I am not a frequent poster but nonetheless a frequent watcher, so I thought I would share a recipe I've put toguether for the sake of participating.
250g strong white bread flour
210g all purpose flour
40g rye flour, toasted
1 teaspoon cumin seeds
1.25 teaspooon salt
325g cold water (65%)
5g fresh yeast (1%)
1/Toast the rye flour in the oven on a baking parchment paper at 220 degrees for 15 mn. Alternatively, you can toast it in a pan over medium heat until golden brown. Carefull not to burn it, you don't want it black, otherwise it will be bitter. set aside and leave it to cool.
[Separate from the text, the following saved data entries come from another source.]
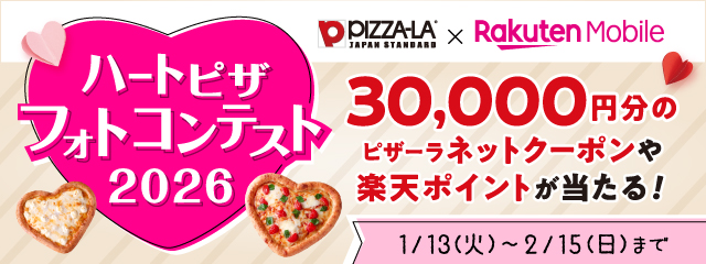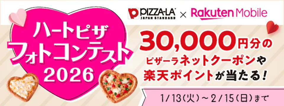 宅配ピザ「PIZZA-LA」は、「ハートで伝える“ありがとう”」をテーマに、楽天モバイル株式会社(本社:東京都世田谷区、代表取締役社長:矢澤俊介)と共同で、Instagramフォトコンテスト『ハートピザ フォトコンテスト2026』を実施いたします。
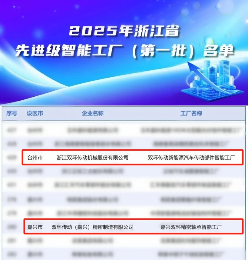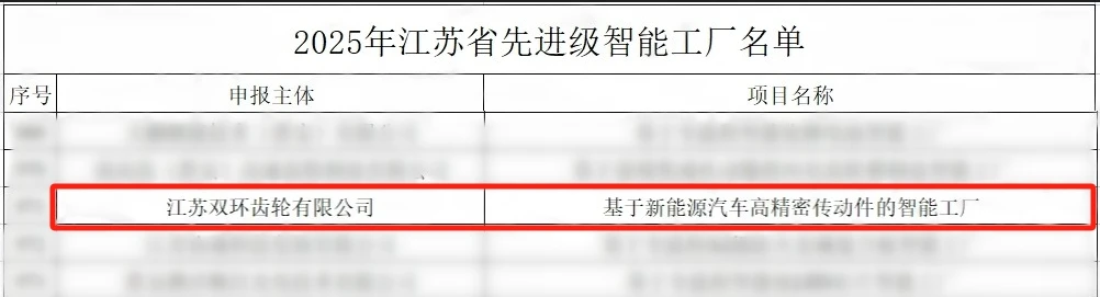 近日,浙江省经信厅、江苏省工信厅分别发布2025年先进级智能工厂名单,双环传动新能源汽车传动部件智能工厂、嘉兴双环精密轴承智能工厂入选2025年浙江省先进级智能工厂(第一批)榜单,江苏双环基于新能源汽车高精密传动件的智能工厂入选2025年江苏省先进级智能工厂榜单。这是对双环多年来数智化转型和创新发展的高度认可,彰显了公司的技术优势和创新价值,为公司未来的发展注入了强大动力。
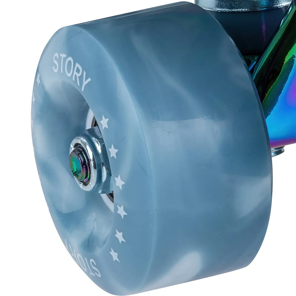 Med en hjuldiameter på 57 mm og en bredde på 32 mm giver Story Glacier-skøjterne en afbalanceret kombination af stabilitet og manøvredygtighed. Hjulenes hårdhed på 82A sikrer en jævn kørsel på forskellige overflader, både indendørs og udendørs. Udstyret med ABEC-9 lejer tilbyder disse skøjter fremragende præcision og en problemfri rulleoplevelse, der giver skøjteløbere mulighed for at opnå højere hastigheder og ubesværet glidning.
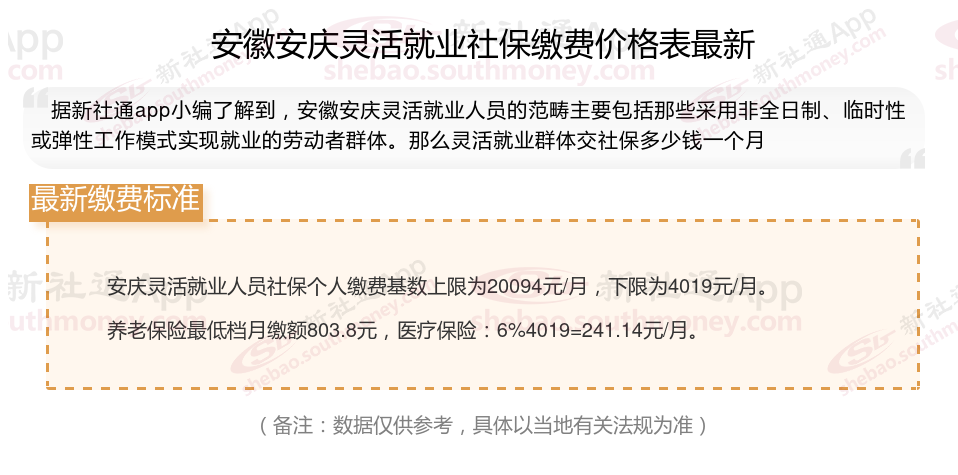 一、2024年安徽安庆灵活就业社保缴费标准表 安徽安庆灵活就业社保多少钱一个月?

2/ Once cool, mix your flours, add the cumin seeds and salt.
3/ crumble the fresh yeast into the flour or add it to the water. I usually add it to the water if it's not iced-cold-water.
4/add the water. mix well. cover and leave 5 min.
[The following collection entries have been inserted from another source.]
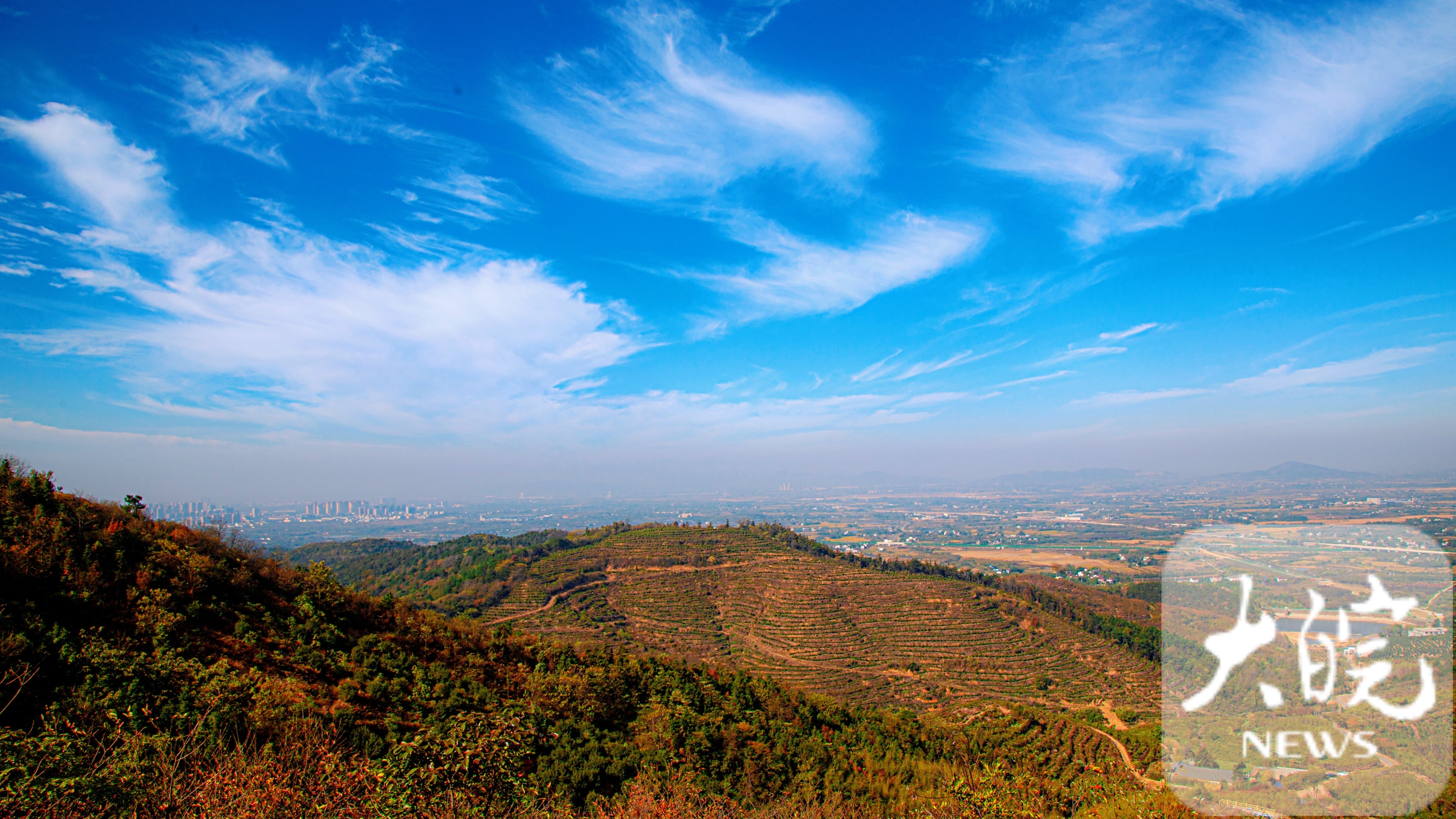 位于庐江县的冶父山,有“江北小九华”之称,为安徽省十大名山之一、国家AAAA级旅游景区、国家森林公园、中国最具文化价值(遗产)旅游目的地。10月20日,晴空万里,冶父山群峰耸拔,盘旋而上,俯瞰青山常在,远处高楼林立,美不胜收,一幅幅生态美景入画中。
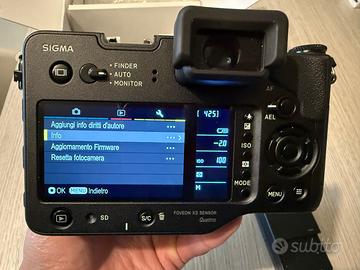 Vendo Sigma SD Quattro con sensore Foveon Quattro e relativa lente Sigma 18-35mm f/1.8 ART con attacco SA, con paraluce originale. Ho trattato entrambi gli articoli con la massima cura, sono in perfette condizioni, senza graffi e segni di usura. Oltre al corpo macchina ed alla lente, includo - Due batterie originali Sigma - Imballaggi Sigma originali, incluso il libretto di istruzioni - Caricabatterie originale. Gli articoli non sono in vendita separatamente. Non è una mirrorless veloce e tecnologicamente performante. I suoi punti di forza sono la resa cromatica e la tridimensionalità dell'immagine data del sensore Foveon, da moti paragonabile al medio formato, a patto che la si utilizzi quasi come una fotocamera analogica. Chi interessato si informi attentamente prima di decidersi di acquistarla. Sono a disposizione per qualsiasi ulteriore dettaglio e foto aggiuntive.
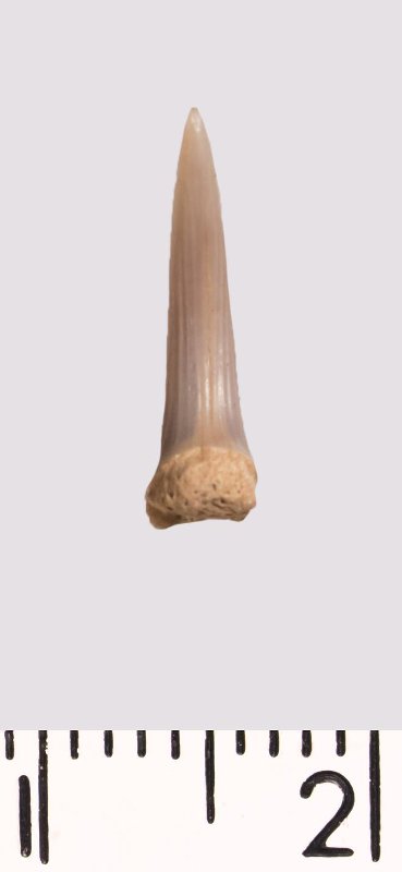 Зуб (фрагмент). Акула. Scapanorhynchus raphiodon (Agassiz, 1843). Классификация: Хордовые Chordata, Позвоночные Vertebrata, Хрящевые рыбы Chondrichthyes, Пластиножаберные Elasmobranchii, Акулы Selachii, Ламнообразные Lamniformes
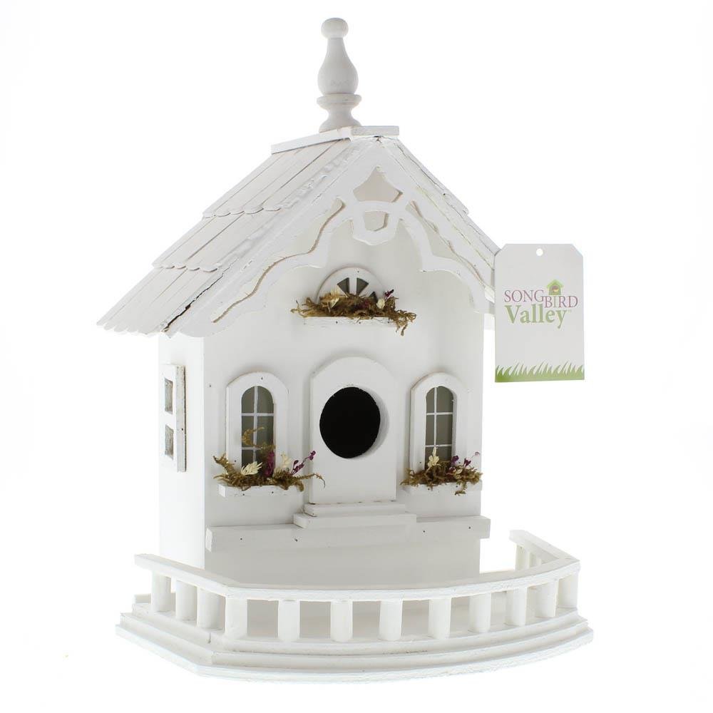 • Lovely little luxury villa with flower boxes and detailed wooden trim for feathered flyers overflows with Old World charm! Sturdy freestanding pole and base included.
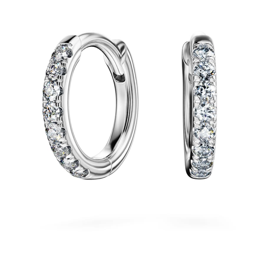 These glittering pierced earrings take the classic hoop style to a new level of luxury. On the front side, the 14K white gold pieces feature a pavé of round laboratory grown diamonds, totaling 0.1 carat. A sensational way to light up your look. This jewelry is IGI (International Gemological Institute) certified and is part of the Eternity collection.

5/ give 3 letter turns over an hour, one every 20mn.
6/ put the dough in the fridge for 16-18 hours.
7/ take the dough out and leave it to come back to room temperature for 1 hours.
8/Shape the dough into a ball and leave it to prove for 45mn - an hour.
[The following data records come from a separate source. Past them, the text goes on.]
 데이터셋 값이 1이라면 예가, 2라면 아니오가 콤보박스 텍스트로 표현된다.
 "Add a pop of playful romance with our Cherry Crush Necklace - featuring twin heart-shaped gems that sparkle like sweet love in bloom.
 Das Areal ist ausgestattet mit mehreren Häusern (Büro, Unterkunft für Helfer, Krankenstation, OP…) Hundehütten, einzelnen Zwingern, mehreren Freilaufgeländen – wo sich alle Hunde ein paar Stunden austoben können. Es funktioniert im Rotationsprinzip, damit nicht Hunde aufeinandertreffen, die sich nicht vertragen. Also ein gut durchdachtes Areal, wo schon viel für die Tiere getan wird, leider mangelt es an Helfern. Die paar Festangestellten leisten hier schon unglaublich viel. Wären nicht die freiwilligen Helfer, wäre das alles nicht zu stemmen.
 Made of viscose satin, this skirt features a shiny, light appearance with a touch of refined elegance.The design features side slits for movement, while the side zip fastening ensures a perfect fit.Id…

9/ Meanwhile Preheat your oven at 220 degrees loaded with a Dutch oven or something similar.
9/ Bake in the Dutch oven, covered for 25mn. drop temperature to 200 and bake for a further 20 to 30mn depending on how you like your crust. ( I like it thick and on the dark side )
I really like the taste of this loaf. The toasted Rye gives a discreet nutty flavour which goes very well with the cumin. It is great with Blue cheese and has an "orangy" tang to it.